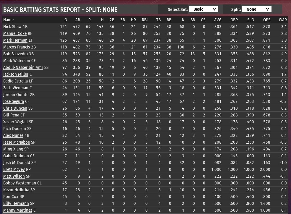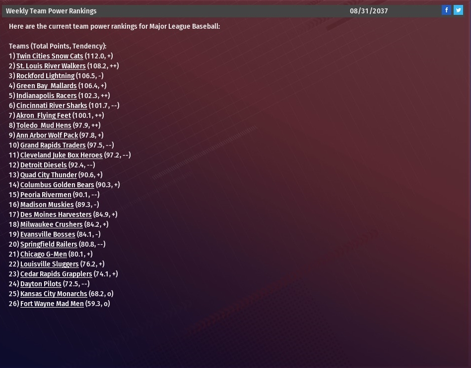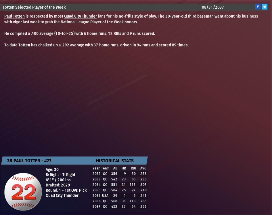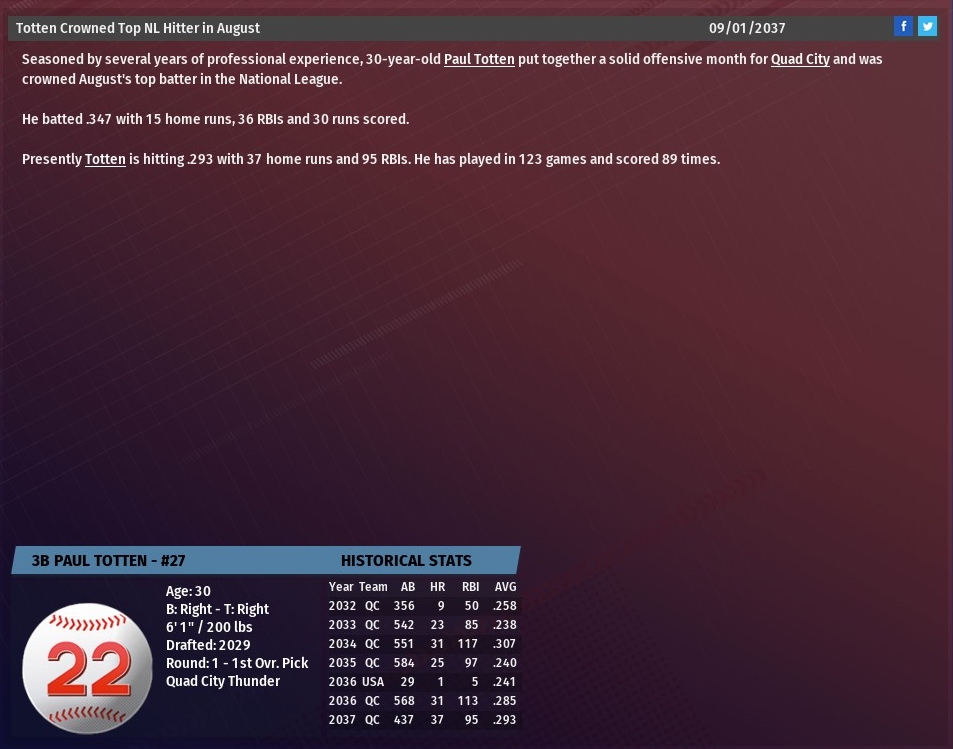 Walkers news: Sept. 1 -- Team statistics for 2037 season
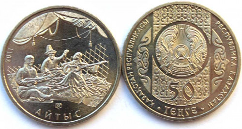 50 тенге - Национальные обряды - Айтыс, Казахстан, 2011 год
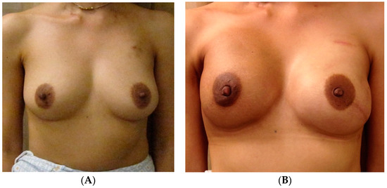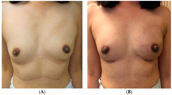 The following discussion highlights the key findings and outcomes of the articles included in Table 1, as well as clinical cases from the senior author’s practice (Figure 2, Figure 3, Figure 4, Figure 5, Figure 6, Figure 7 and Figure 8) that relate to each section, starting with implant-based reconstruction in Section 4.1, followed by a focus on autologous reconstruction in Section 4.2.
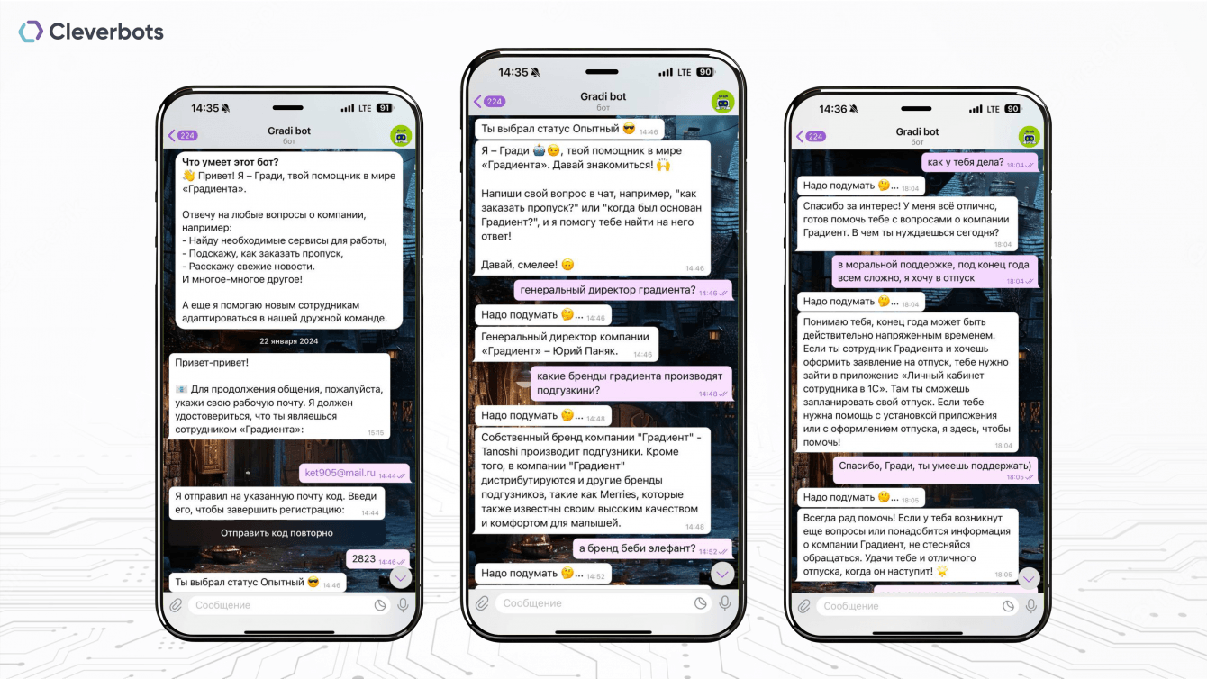 Во-вторых, Гради - это база знаний компании, которая постоянно пополняется. Мы тщательно анализируем, какой информации не хватает сотрудникам и постоянно обучаем Гради новыми вводными. Вместо того, чтобы искать во внутренних папках политики и инструкции, сотрудники теперь могут спросить у бота все, что их интересует.
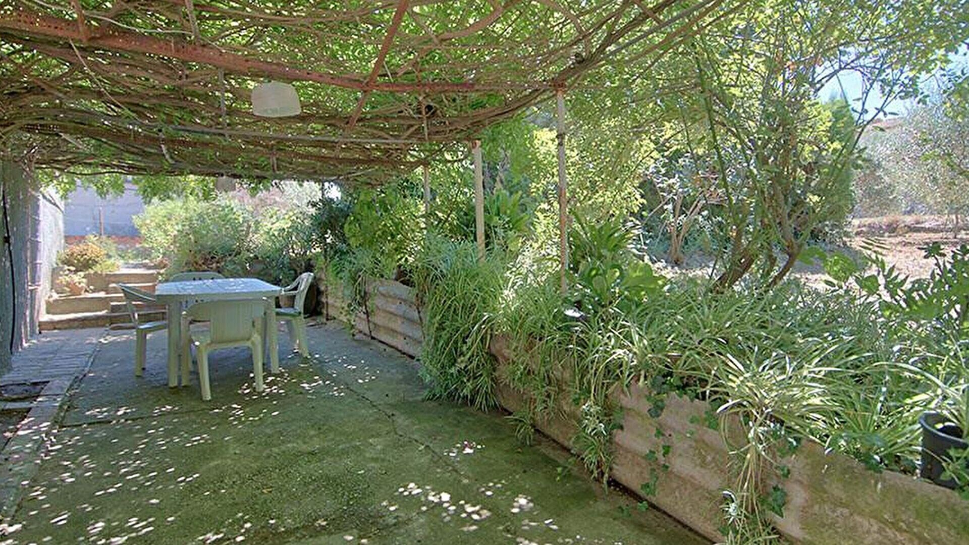 Garten, Terrasse, Esszimmer, Wohnzimmer, Küche-Office, 5 Schlafzimmer, 1 Bad mit Dusche und Abstellraum.
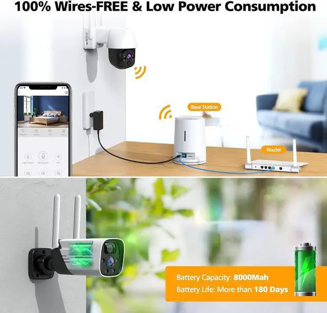 BATTERY POWERED&100% WIRE-FREE: This security system with 8000mA rechargeable battery guarantees each camera's eternal power. If 10-15 triggers per day, can last 180 days on a single charge with our low power consumption technology. You can install the camera anywhere you want as it doesn't need any wires! (NOTE: Wireless means video cable is not required for camera's working, but the base station still NEED connect to power outlet and router with the provided power supply and network cable)
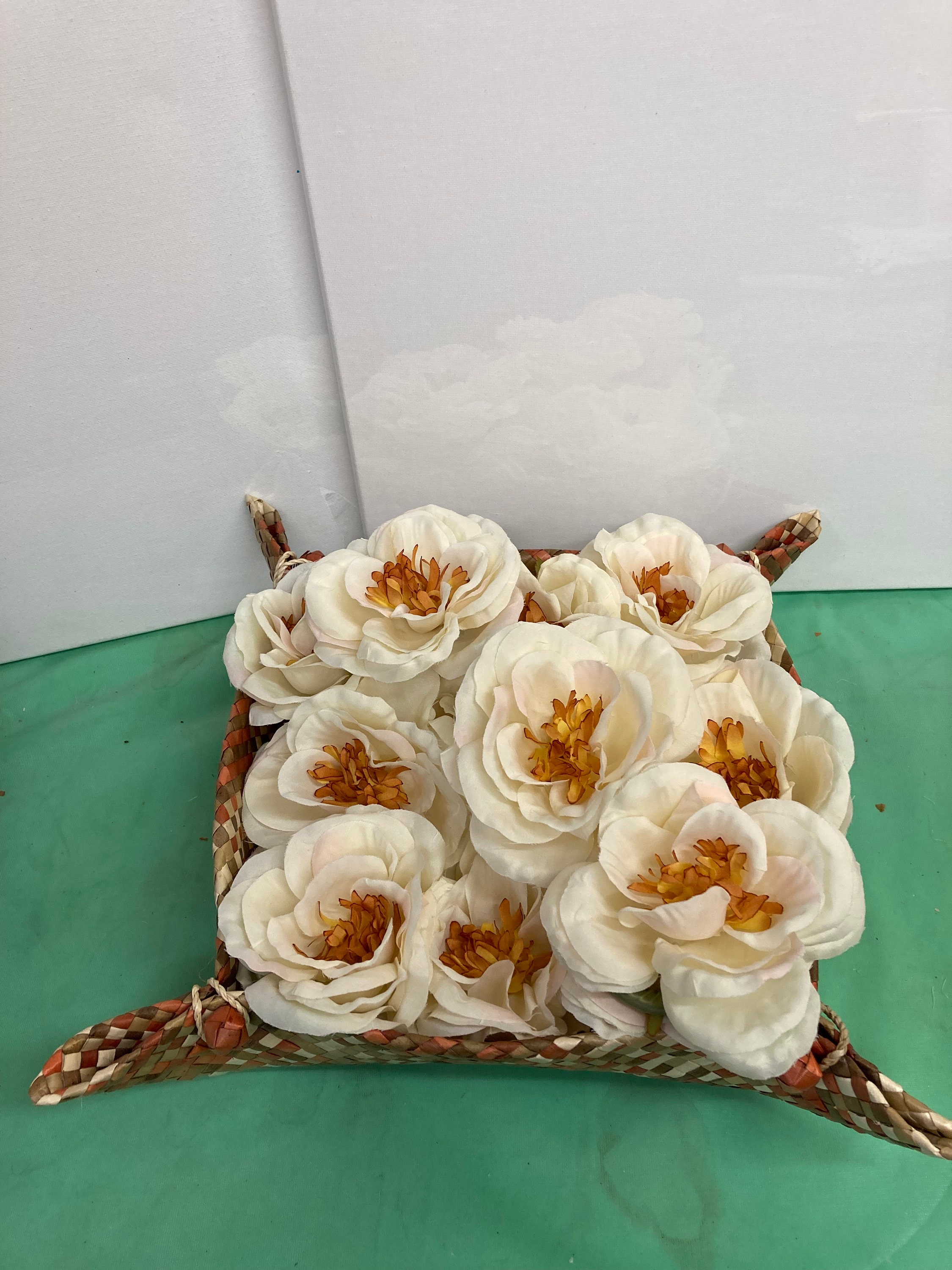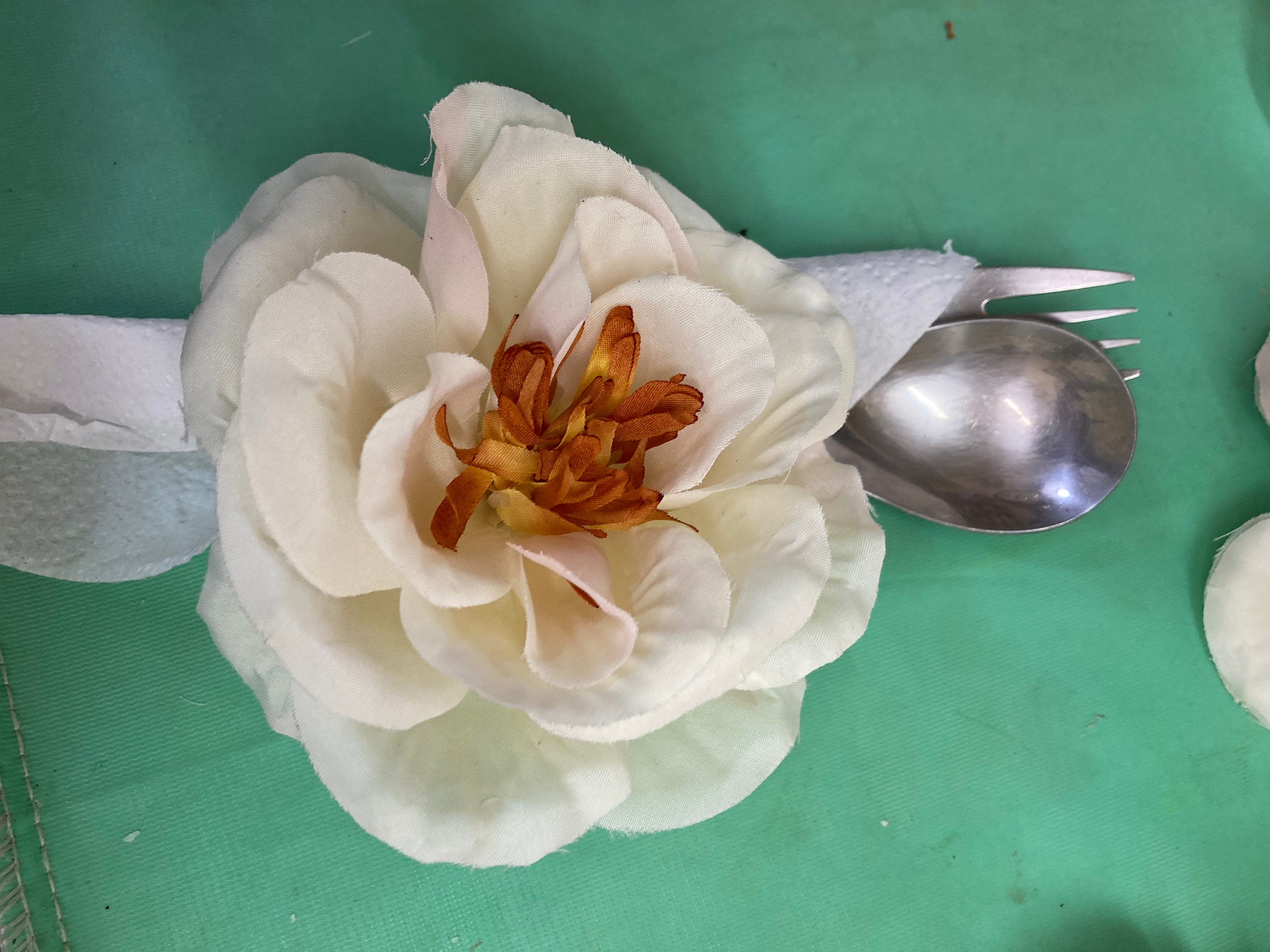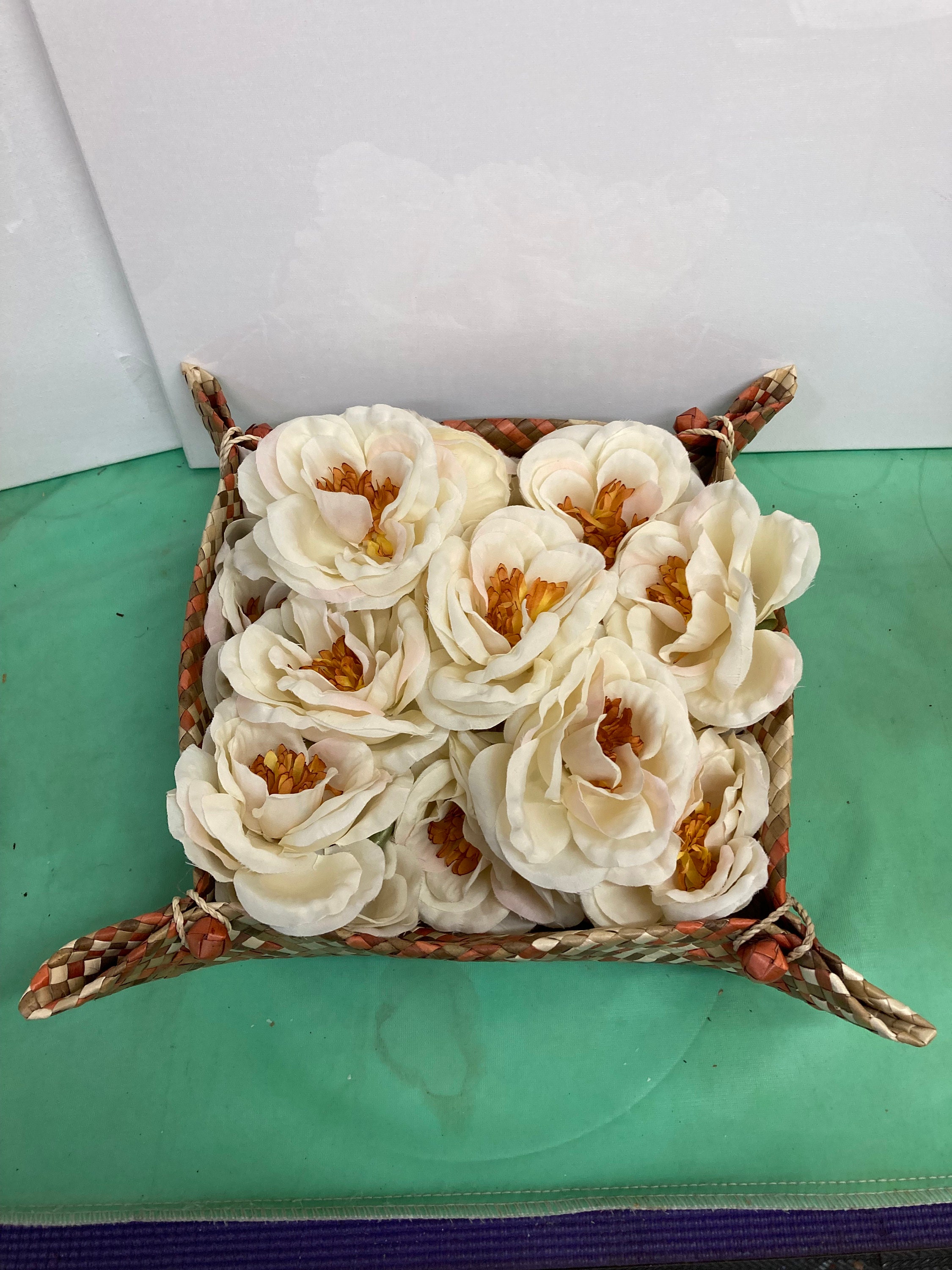 Create a lovely dinner table display with accents like this Pink Peony Napkin Ring. The ring features a large faux pink and peach peony flower with green leaves. The flower sits atop a plastic ring wrapped in green fabric. Pair this napkin ring with complementary tableware for a floral-themed dinner!
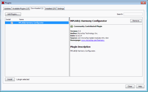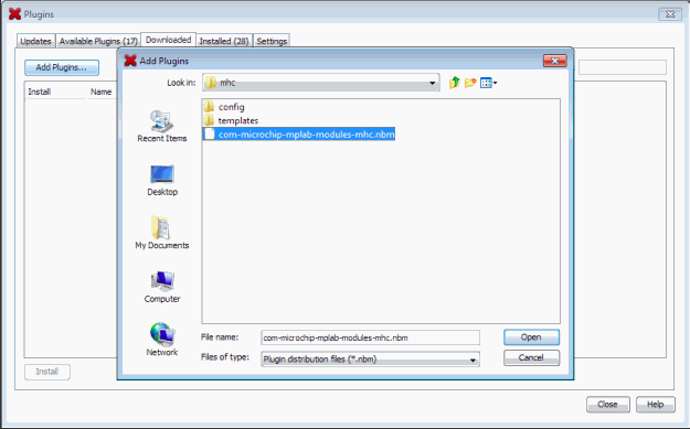 - Select the downloaded tab and click Add Plugins…, and then navigate to the MHC com-microchip-mplab-modules-mhc.nbm plug-in file, which is located in /utilities/mhc, and then click Open.
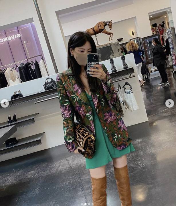 한예슬은 강렬한 플라워 프린팅 자켓에 원피스, 가을 느낌이 나는 롱부츠와 호피무늬 느낌의 명품백으로 그의 센스를 돋보이게 했다.
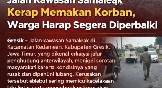 Mediacentral.info-Gresik – Jalan kawasan Samaleak di Kecamatan Kedamean,diruas Kabupaten Gresik, Jawa Timur, yang dikenal sebagai jalur penghubung antarwilayah, menjadi sorotan masyarakat karena
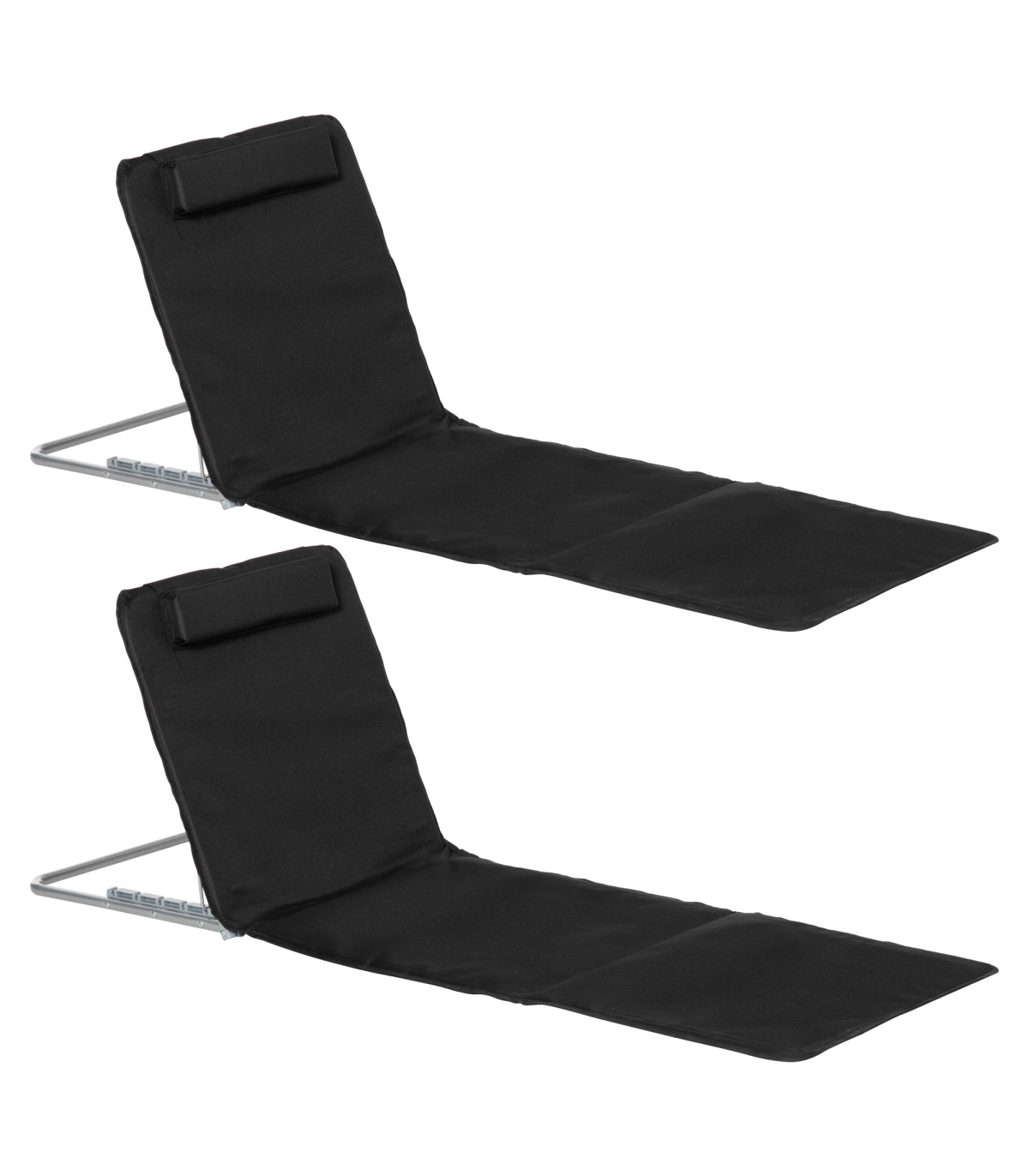 SET OF TWO MATS: Perfect for enjoying the sun and the sea with a friend, this folding beach lounger provides a comfortable seat for you all day long, preventing your body burning on the sand.FIVE-LEVEL ADJUSTABLE BACK: Sets to a level best for you, our portable beach lounger allows you to lie back and relax comfortably.METAL FRAME: Powder coated for extra protection, the beach chair ensures a strong and solid core to last all season and beyond. PADDED SEAT: Stretched across the frame for firm support to your body, PE fabric protects against light water contact and 3-layer design with padding in the middle for added comforts.ATTACHED PILLOW: Provides comfort and support to your head and neck. FOLDABLE DESIGN: With an included carrying bag, these foldable sun loungers allow you to carry them easily.DIMENSIONS: 36-45H x 48W x 134Dcm. Seat: 48W x 89Dcm. Folded: 3.5H x 49.5L x 48Wcm. EASY TO ASSEMBLE.
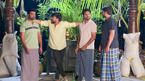 మరొకవైపు ఇంట్లో రామరాజు లేడని తిరుపతి సిట్టింగ్ ఎరేంజ్ చేస్తాడు. ధీరజ్, సాగర్, చందు ముగ్గురు లుంగీ కట్టుకొని వస్తారు. మందుకి లుంగీకి మంచిగా సెట్ అయిందని తిరుపతి అంటాడు. చందు డల్ గా ఉంటాడు. ఏమైందని వాళ్ళు అడుగగా అమూల్య విషయం చెప్పలేక.. నాన్న తాగితే ఏమైనా అంటాడేమోనని కవర్ చేస్తాడు.
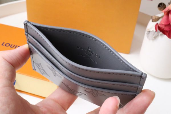 Sleek and stylish, this card holder in new Monogram Eclipse coated canvas is compact enough to slip easily in your pocket. Features a central pocket and four slots for credit cards, air and train tickets, and business cards.
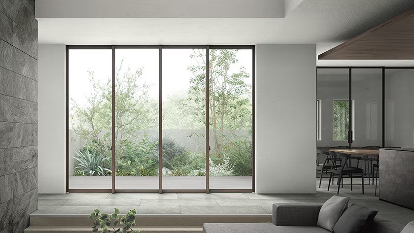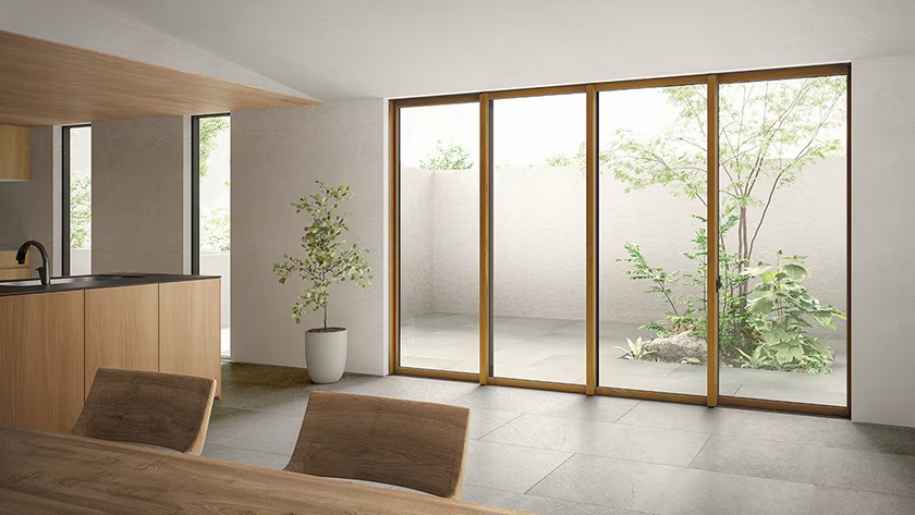 引違い窓 4枚建は、中央のフレームが1本しか見えないデザイン。
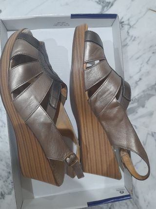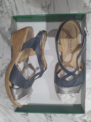 Sandalias plateadas cuña esparto

= = = = = = =

◆ HOW TO COMPLETE THIS TASK
The response is to contain exactly the lines from the beginning of the data through the line containing "50 тенге - Национальные", both ends included, and nothing else; omit the pictures.

◆ TASK SOLUTION
 Walkers news: Sept. 1 -- Team statistics for 2037 season
 50 тенге - Национальные обряды - Айтыс, Казахстан, 2011 год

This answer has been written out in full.